Does Lulu get the drugs off the streets? Does he finally get the funding that he wants? Does his personally life collide with his cop life? These are all questions that Tavernier answers with small, seemingly insignificant scenes. There is a perfect ending scene that resonates within my mind between Lulu and his prostitute sideline. It demonstrates the quality of Lulu's work, and summarizes this film in a small 10-minute scene. That seems to be Tavernier's trademark with this film. A full range of quality small scenes that tie our characters together. Individually, this is a rather bland film difficult to begin and even longer to finish with nearly 2 ½ hours of play time, but intertwined, these scenes speak about the Parisian police force. "L.627" is a film that resonates within the mind. Oddly, I recently finished watching "La Haine" for the first time, and could argue that this is Tavernier's counter-discussion. Here, he shows why there may be police racism, why the law uses brutality, and why frustration between officers reigns supreme. Kassovitz's film gives us the counter-point, the view from the poverty on the streets.

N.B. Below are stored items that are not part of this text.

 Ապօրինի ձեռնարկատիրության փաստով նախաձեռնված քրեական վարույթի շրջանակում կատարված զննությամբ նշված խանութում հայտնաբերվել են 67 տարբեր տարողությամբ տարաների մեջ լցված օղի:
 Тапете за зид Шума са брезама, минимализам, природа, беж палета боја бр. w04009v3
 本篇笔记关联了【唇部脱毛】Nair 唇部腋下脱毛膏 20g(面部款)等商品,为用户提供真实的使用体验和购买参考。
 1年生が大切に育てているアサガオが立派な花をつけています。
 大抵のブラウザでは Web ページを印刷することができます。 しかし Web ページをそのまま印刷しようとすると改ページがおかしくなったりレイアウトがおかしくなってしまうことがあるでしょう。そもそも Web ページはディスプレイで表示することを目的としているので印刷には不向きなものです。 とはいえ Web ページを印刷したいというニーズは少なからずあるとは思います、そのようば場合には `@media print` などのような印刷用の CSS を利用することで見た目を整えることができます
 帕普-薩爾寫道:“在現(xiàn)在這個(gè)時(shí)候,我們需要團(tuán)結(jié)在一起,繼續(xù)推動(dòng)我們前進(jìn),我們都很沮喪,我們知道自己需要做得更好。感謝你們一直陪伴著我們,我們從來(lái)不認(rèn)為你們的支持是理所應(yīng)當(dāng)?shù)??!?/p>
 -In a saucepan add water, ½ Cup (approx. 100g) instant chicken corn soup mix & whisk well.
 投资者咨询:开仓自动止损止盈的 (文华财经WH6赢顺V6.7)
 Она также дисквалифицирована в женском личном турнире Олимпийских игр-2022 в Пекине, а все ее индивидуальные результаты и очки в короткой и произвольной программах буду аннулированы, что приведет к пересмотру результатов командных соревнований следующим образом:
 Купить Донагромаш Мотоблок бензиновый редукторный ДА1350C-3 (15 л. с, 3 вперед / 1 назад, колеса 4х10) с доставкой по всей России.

Overall, does "L.627" demand repeat viewing? Is it wronged not to have a DVD release? These are all important questions, but the answer is not readily available. "L.627" demonstrates powerful acting, documentary-esquire camera work, and a chilling theme, but the honesty lies within Tavernier's storytelling. While Lulu is our central character, this isn't a story about him. We don't have an emotional roller-coaster of a film where our hero redeems himself at the end. This isn't a Hollywood movie. In "L.627" social commentary is king, and we, as outsiders looking in, must just absorb the honest nature of the film. It is a tale of good corruption, hard working individuals, and the hardships of control. This will not be a film for everyone, but those privy enough to catch a viewing of this film will be impressed by every element of this film. From the filming to the unequivocal truths, "L.627" is a film to absorb. I am just sorry that I didn't see this film sooner.
Always remember, instead of WWVMD? (aka What Would Vic Mackey Do?) try thinking of WWLD? (aka What Would Lulu Do?).